ACTIVITY:
Starting at the line that contains "上質で柔らかなセミアニリン染" and stopping after the line that contains "そして,15日昼を過ぎると,再び親類縁者", transcribe the listing below exactly; do not include any pictures.

DATA SHOWN:
<<<<
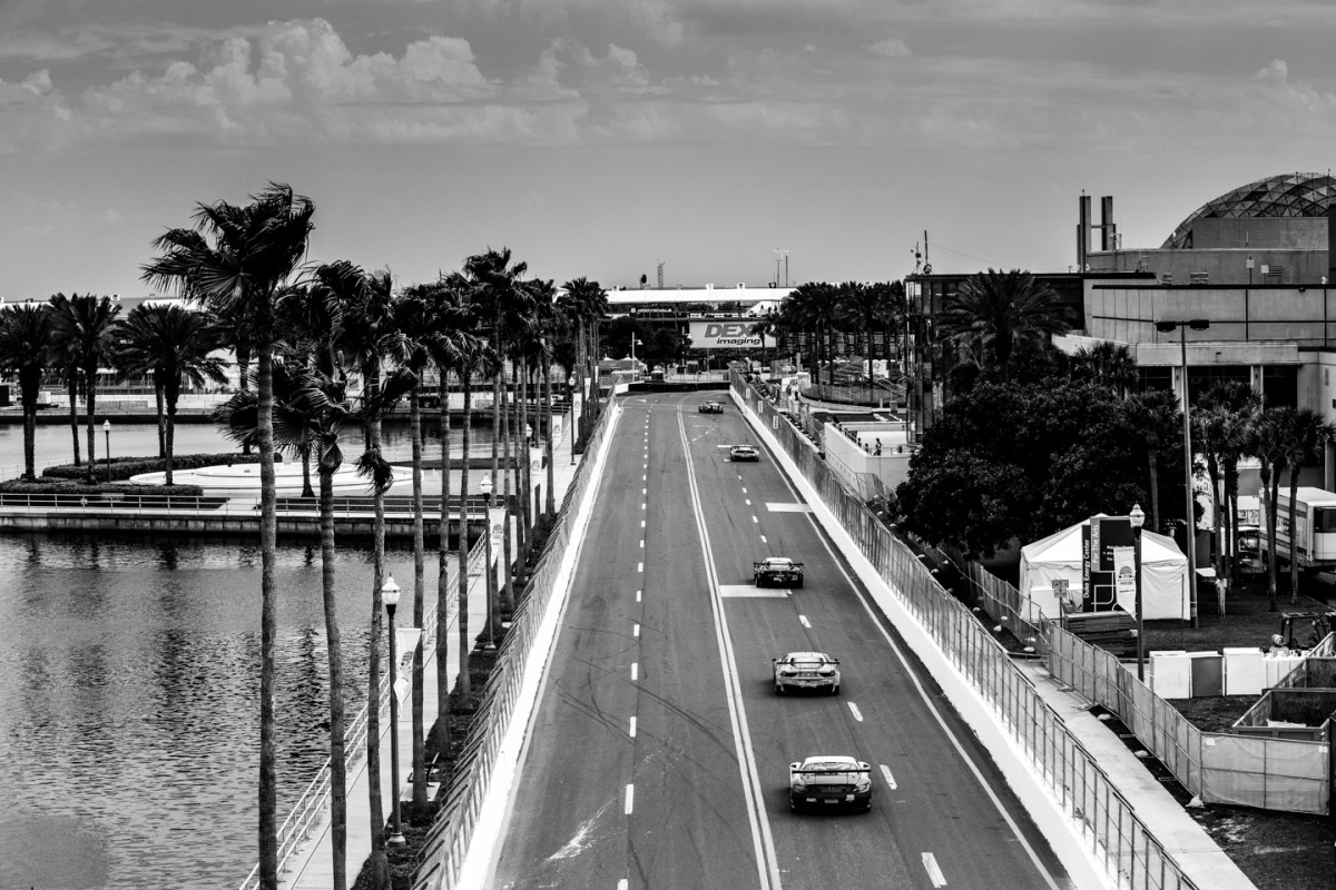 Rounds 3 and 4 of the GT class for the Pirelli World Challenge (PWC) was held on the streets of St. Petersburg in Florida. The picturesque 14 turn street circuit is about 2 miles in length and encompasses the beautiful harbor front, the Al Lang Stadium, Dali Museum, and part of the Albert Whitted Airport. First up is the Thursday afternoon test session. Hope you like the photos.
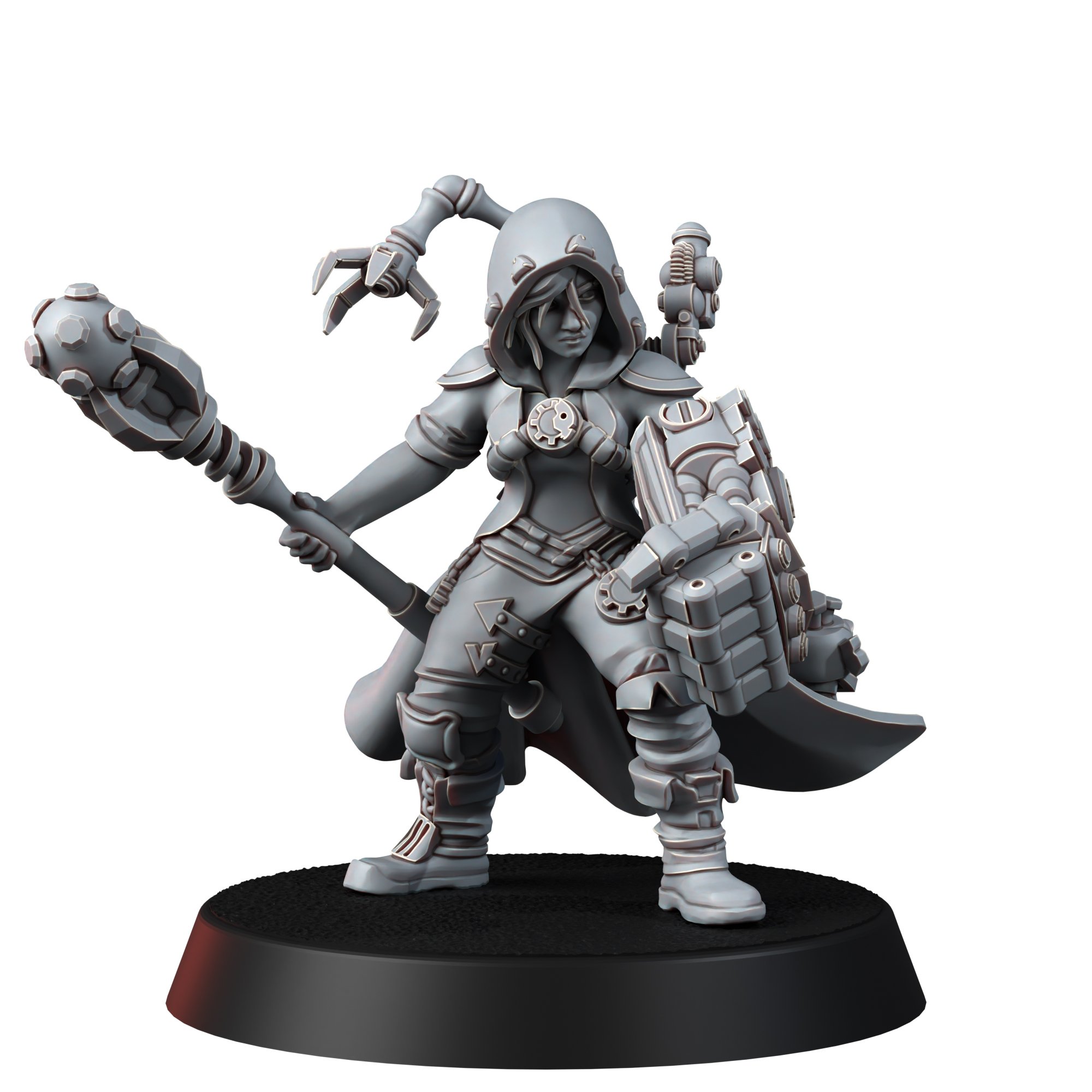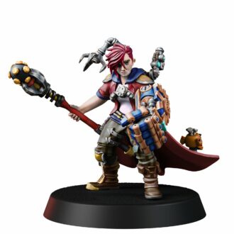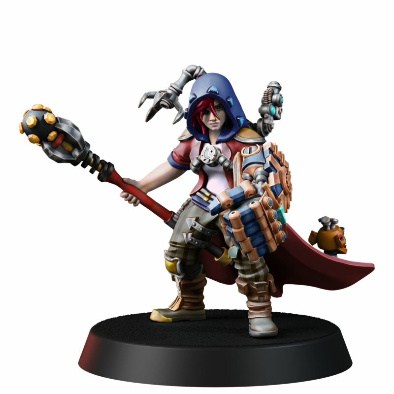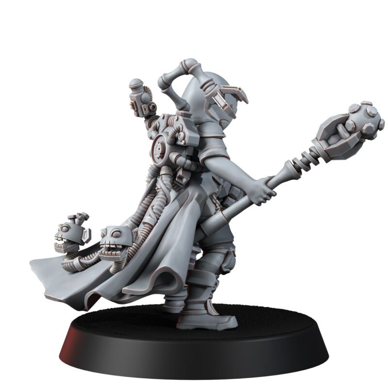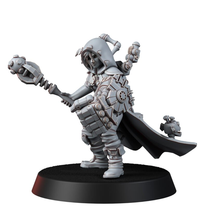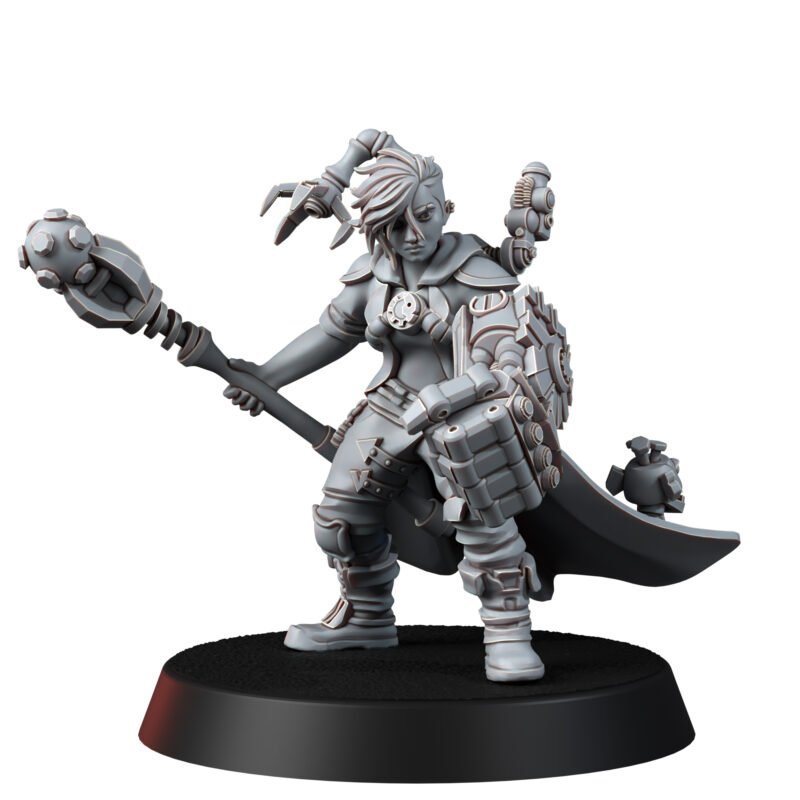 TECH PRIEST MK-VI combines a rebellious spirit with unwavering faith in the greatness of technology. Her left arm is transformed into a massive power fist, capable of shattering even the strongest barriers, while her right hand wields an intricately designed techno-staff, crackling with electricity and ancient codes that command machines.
>>>>
<<<<
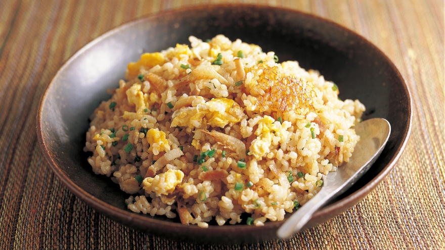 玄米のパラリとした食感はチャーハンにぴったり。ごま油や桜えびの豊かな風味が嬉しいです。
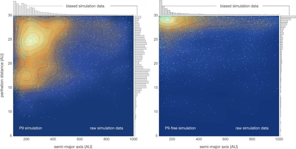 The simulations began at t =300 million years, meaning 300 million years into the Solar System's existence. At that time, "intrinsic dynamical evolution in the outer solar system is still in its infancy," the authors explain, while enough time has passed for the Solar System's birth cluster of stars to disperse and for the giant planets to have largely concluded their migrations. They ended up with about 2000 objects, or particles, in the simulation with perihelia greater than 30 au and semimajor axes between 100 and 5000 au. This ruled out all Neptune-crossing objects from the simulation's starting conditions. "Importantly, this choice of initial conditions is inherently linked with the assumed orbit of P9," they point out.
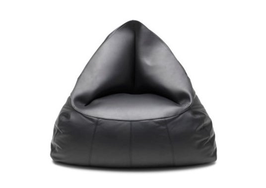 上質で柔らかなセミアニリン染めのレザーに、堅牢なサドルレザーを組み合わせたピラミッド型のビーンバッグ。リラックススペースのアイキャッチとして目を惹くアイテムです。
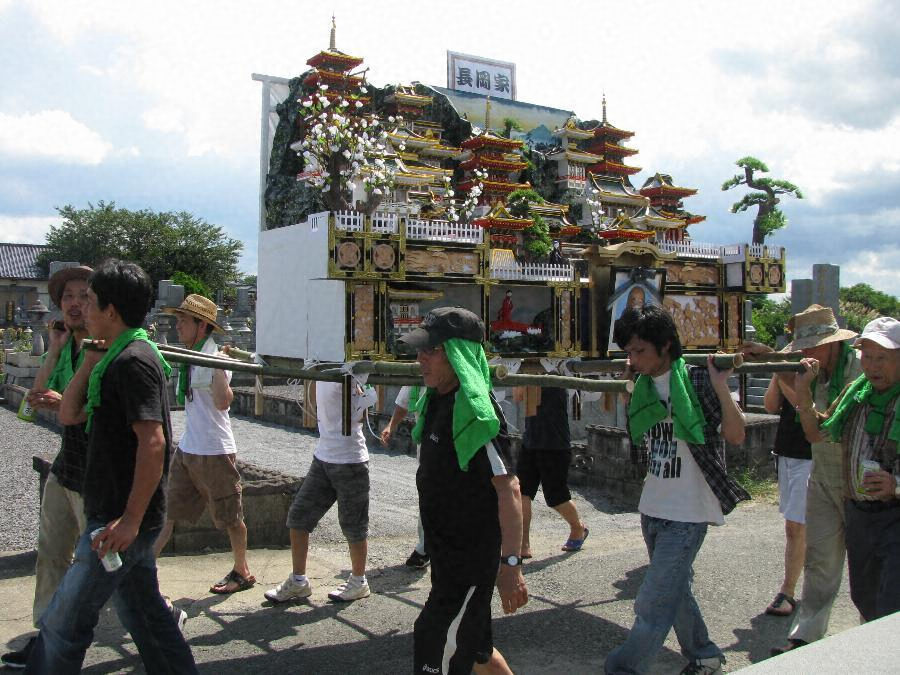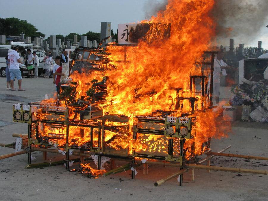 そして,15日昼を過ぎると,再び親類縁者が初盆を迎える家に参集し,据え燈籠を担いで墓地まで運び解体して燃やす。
>>>>
<<<<
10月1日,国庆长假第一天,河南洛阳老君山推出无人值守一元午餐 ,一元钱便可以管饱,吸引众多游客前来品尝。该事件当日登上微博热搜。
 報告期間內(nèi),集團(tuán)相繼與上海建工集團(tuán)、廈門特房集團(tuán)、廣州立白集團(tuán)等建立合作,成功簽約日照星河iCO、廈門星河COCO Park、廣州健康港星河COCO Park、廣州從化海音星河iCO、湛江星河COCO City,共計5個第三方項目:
>>>>
RESPONSE AREA:
 上質で柔らかなセミアニリン染めのレザーに、堅牢なサドルレザーを組み合わせたピラミッド型のビーンバッグ。リラックススペースのアイキャッチとして目を惹くアイテムです。
 そして,15日昼を過ぎると,再び親類縁者が初盆を迎える家に参集し,据え燈籠を担いで墓地まで運び解体して燃やす。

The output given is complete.